Netanel Portier, project manager for the mural project, found herself particularly moved by the meeting at the offices of Congreso, a social-services organization for Latinos in North Philadelphia. There, she said, participants talked about how the many textile factories in their neighborhoods once kept people employed. Those jobs are mostly gone.

"People could just go down the street and get a job," Portier said. "If they didn't like one job, they could go get another one.

"They had so many stories to share about the importance of work in their community, and, if there's no work, how it affects the fabric of the community."

In the mural, an ocean of blue fabric machine-stitched by a pair of hands of indiscriminate hue forms the lower edge. The image signifies that work is a fabric that unites all, and it gives more than a nod to Philadelphia's once-important role in textile manufacturing.

Mural artist Eric Okdeh attended most of the meetings, and his design incorporates quotations from attendees. The mural is divided into four vertical sections, each for a type of work that dominated the economy over time. Images evoke agriculture, manufacturing, the service economy, and, finally, the future of work, symbolized by a circuit board.

The mural also incorporates stained glass, a salute to Philadelphia's important role in stained-glass production.

The images were all translated into 128 cloth panels five feet square, most of them painted at an indoor workshop. Only the last 16 or so were reserved for Monday's exercise.

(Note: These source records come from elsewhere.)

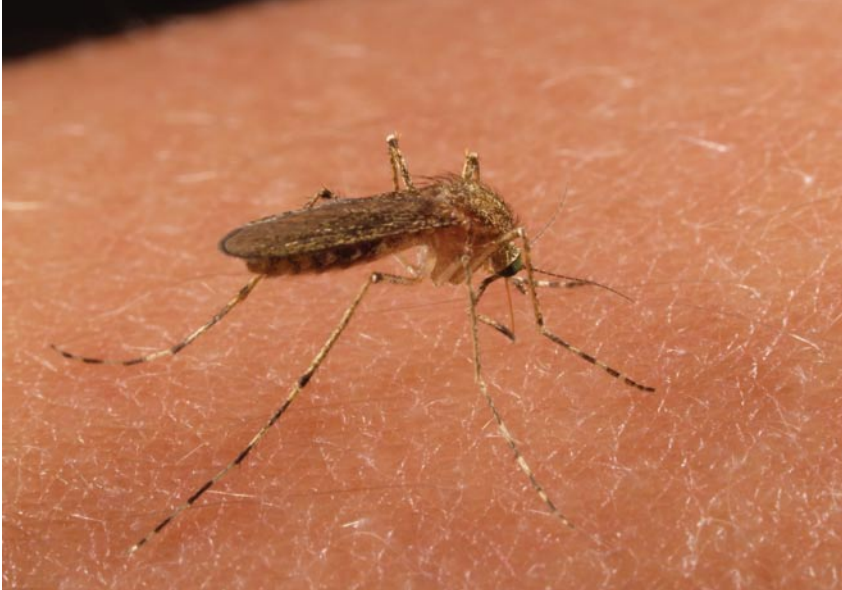
4. ábra. A mocsári szúnyog nősténye
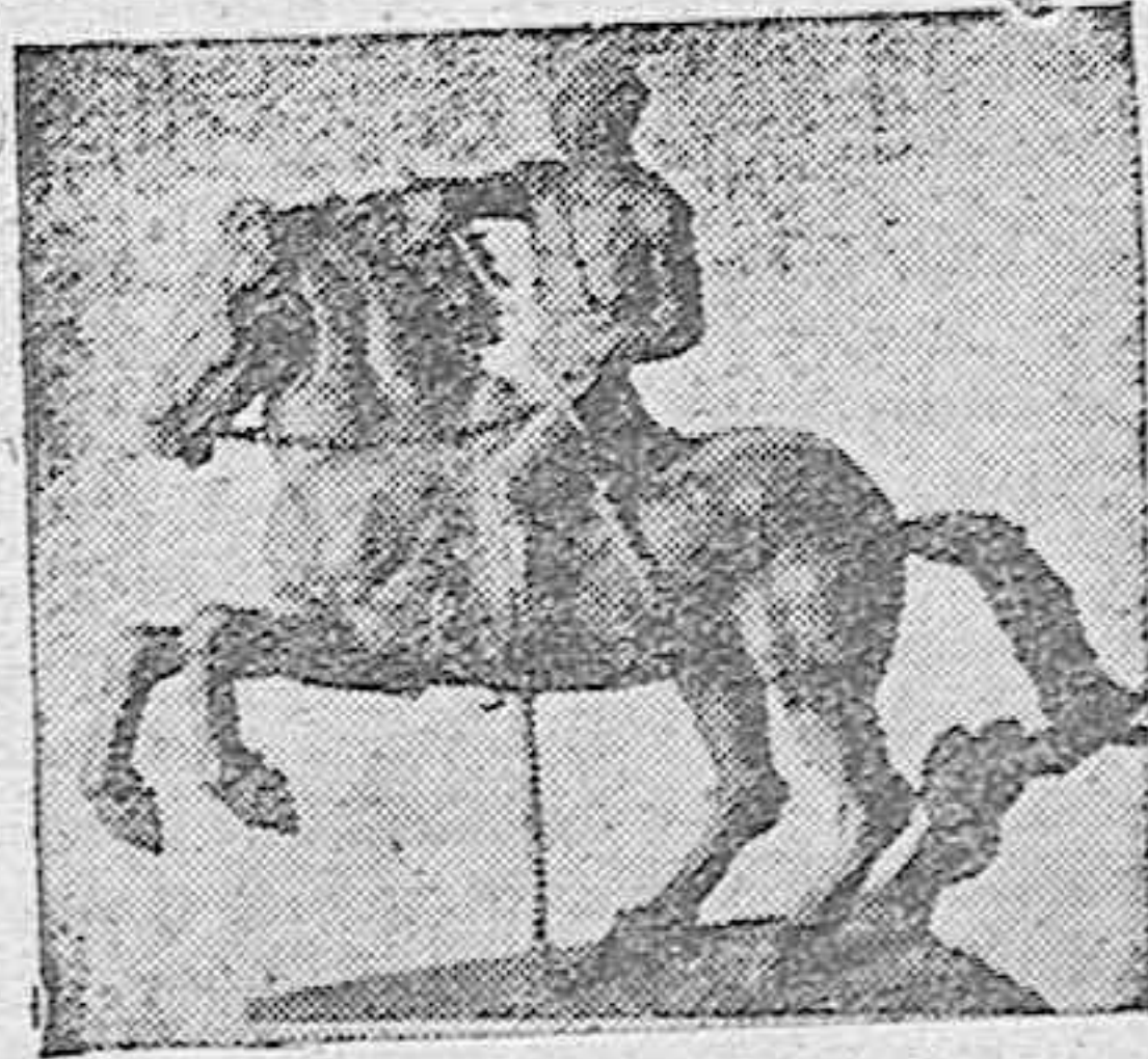
«El Alzamiento», escultura de Enrique Marín, que representa al Caudillo desenvainando la espada de la Victoria
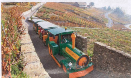
Lavaux Express ©www.lavauxexpress.ch
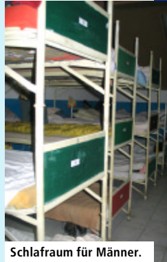
Schlafraum für Männer.

Some glass mosaic work is already mounted, and the painted panels will go up on the wall starting next week and through September.

The mural's position on the Archworks building is significant because the building now houses the Children's Village. The day-care center was founded by labor unions in the 1970s to care for the children of textile workers employed in nearby factories.

Recent graduate Nathan Hazlett, 5, of Haddonfield, and his family dropped by to paint. Judging from his hands, Nathan worked on the blue part.

"I want to be an engineer," he said when asked about his work plans. "I like to build things."